Results are stored as JSONL.

That means:

  • one JSON object per line
  • easy to stream
  • easy to process with Python, Node, jq, BigQuery loaders, and shell tools

Each row currently looks like:

{
"timestamp": "2026-03-10T17:22:11.000Z",
"permalink": "https://www.instagram.com/...",
"videoLink": "https://storage.googleapis.com/...",
"likeCount": 1234,
"commentCount": 56,
"brandsIdentified": ["brand1", "brand2"],
"keywords": ["keyword1", "keyword2"],
"primaryLanguage": "language",
"contentFormat": "content format",
"caption": "caption",
"locationName": "location",
"locationLat": 12.3456,
"locationLng": -12.3456,
"summary": "summary",
"timeline": "timeline",
"playByPlayTranscript": "transcript",
"subject": "subject",
"formatPrimaryCategory": "format",
"formatPrimarySubtype": "subtype",
"primaryTopicKeys": ["key1", "key2"]
}

When search is provided, rows also include:

{
"relevanceScore": 0.78
}

Each API key is allowed to search only specific brands.

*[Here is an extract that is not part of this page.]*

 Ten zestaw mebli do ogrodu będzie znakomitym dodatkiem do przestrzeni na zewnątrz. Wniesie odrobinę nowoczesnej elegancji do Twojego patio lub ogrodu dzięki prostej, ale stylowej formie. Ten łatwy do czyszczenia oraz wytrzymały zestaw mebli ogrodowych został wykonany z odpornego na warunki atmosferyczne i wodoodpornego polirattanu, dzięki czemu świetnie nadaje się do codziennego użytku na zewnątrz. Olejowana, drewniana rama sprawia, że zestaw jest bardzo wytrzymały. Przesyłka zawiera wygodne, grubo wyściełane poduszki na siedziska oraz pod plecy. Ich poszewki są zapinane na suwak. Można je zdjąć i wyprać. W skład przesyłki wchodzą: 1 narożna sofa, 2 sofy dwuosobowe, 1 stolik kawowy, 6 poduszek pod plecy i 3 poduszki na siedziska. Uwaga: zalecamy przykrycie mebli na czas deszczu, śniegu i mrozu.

If any requested brand is not allowed for your key, the API returns 403.

Example response:

{
"ok": false,
"error": "brand_not_whitelisted",
"message": "Brand(s) \"brand1\" are not whitelisted for that key."
}

If you need access to additional brands, ask the API owner to whitelist them for your key.

Brand search job creation is limited to 100 requests per hour per API key.

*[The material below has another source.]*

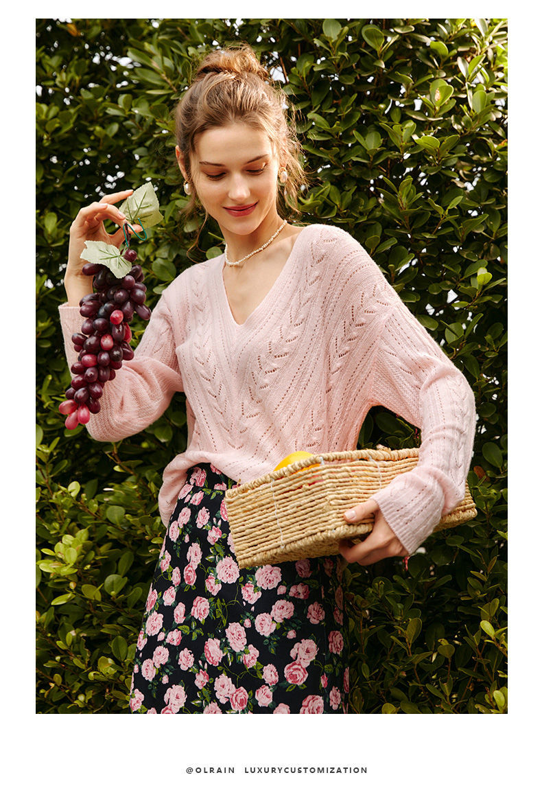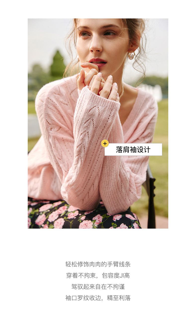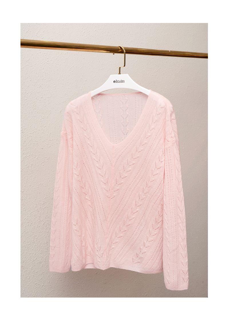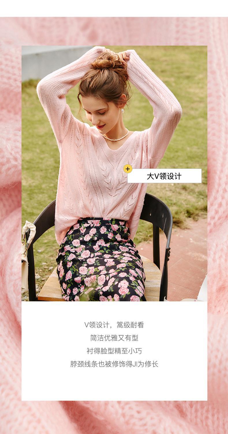 欧芮儿V领套头针织衫女秋冬2021年新款宽松显瘦慵懒时尚粉色毛衣

The limit uses a rolling 1-hour window. If an API key creates 100 jobs within the last hour, additional job creation requests return 429 until enough time has passed for the window to fall back under the limit.

Example response:

{
"ok": false,
"error": "job_rate_limited",
"message": "This API key can create up to 100 jobs per hour."
}
{
"ok": false,
"error": "missing_api_key",
"message": "Missing API key."
}
{
"ok": false,
"error": "invalid_api_key",
"message": "Invalid API key."
}
{
"ok": false,
"error": "invalid_request",
"message": "Request validation failed."
}
{
"ok": false,
"error": "job_not_found",
"message": "Search job not found."
}
{
"ok": false,
"error": "job_not_completed",
"message": "Search job results are not available until the job completes."
}